2. Plaintiff must provide dates for the Rule 30(b)(6) deposition, which must occur no later than March 31, 2023, within seven (7) days of the date of this Order.
3. Within fourteen (14) days of this Order, the parties must confer and set a date for the Rule 30(b)(6) deposition.
4. The parties are warned that nothing in this Order serves to re-open discovery in this case for any other purpose.

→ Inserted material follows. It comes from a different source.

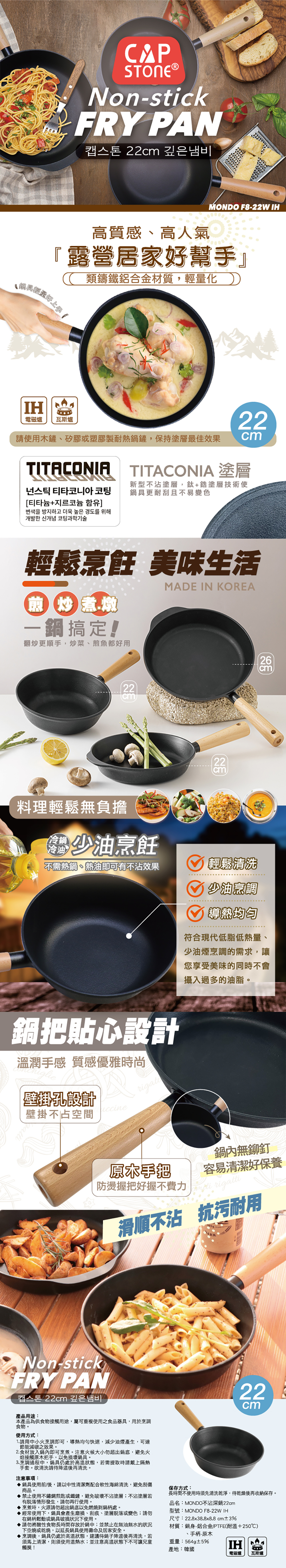 材質:鍋身-铝合金/PTFE(耐溫+250*C)、手柄-原木

DONE and ORDERED in Tampa, Florida on February 2, 2023.
Footnotes
Because there are no objections to the remaining topics, the Court need not address them. Unless already completed, Defendant may inquire into these topics at the 30(b)(6) deposition.
Pinpoint page citations for documents refer to CM/ECF pagination.
As will be discussed more fully below, nothing in this Order is intended to prevent either party from filing an appropriate motion related to the 30(b)(6) deposition. Rather, the Court preemptively addresses the categorical objections in the hopes that any further motion practice – to the extent it is necessary –may be limited and specific.